Sur les conclusions à fin d’injonction et d’astreinte :
6. Par application des dispositions de l’article L. 911-1 du code de justice administrative, il y a lieu, sous réserve d’un changement substantiel dans la situation de droit ou de fait de l’intéressé, d’enjoindre au préfet de police de délivrer à M. C une autorisation provisoire de séjour, dans le délai de trois mois à compter de la notification du présent jugement. En revanche, il n’y a pas lieu d’assortir cette injonction d’une astreinte.
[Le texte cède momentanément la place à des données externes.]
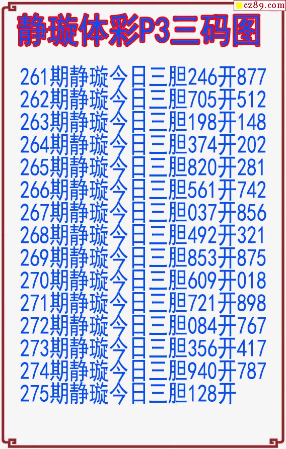 首页 > 排列3图谜 > 25年275期静璇体彩P3三码图

Sur les frais liés au litige :
7. Il y a lieu, sous réserve que Me Angliviel, avocat de M. C, renonce à percevoir la somme correspondante à la part contributive de l’Etat, de mettre à la charge de l’Etat le versement à cet avocat d’une somme de 1 000 euros en application des dispositions des articles 37 de la loi du 10 juillet 1991 et L. 761-1 du code de justice administrative.
D E C I D E :
Article 1er : L’arrêté du préfet de police du 6 août 2024 est annulé.
Article 2 : Il est enjoint au préfet de police de délivrer à M. C une autorisation provisoire de séjour comme parent d’enfant malade dans le délai de trois mois à compter de la notification du présent jugement.
Article 3 : L’État versera une somme de 1 000 euros à Me Angliviel, en application des dispositions de l’article L. 761-1 du code de justice administrative et de l’article 37 de la loi du 10 juillet 1991 relative à l’aide juridique, sous réserve que Me Angliviel renonce à percevoir la somme correspondant à la part contributive de l’État au titre de l’aide juridictionnelle.
Article 4 : Le surplus des conclusions de la requête est rejeté.
Article 5 : Le présent jugement sera notifié à M. A C, à Me Angliviel et au préfet de police.
Délibéré après l’audience du 15 avril 2025, à laquelle siégeaient :
M. Séval président,
Mme Hombourger, première conseillère,
M. Melka, conseiller.
Rendu public par mise à disposition au greffe le 30 avril 2025.
La rapporteure,
C. HOMBOURGER
Signé
Le président,
J.-P. SEVAL
SignéLa greffière,
S. RAHMOUNI
Signé
La République mande et ordonne au préfet de police en ce qui le concerne ou à tous commissaires de justice à ce requis en ce qui concerne les voies de droit commun contre les parties privées, de pourvoir à l’exécution de la présente décision.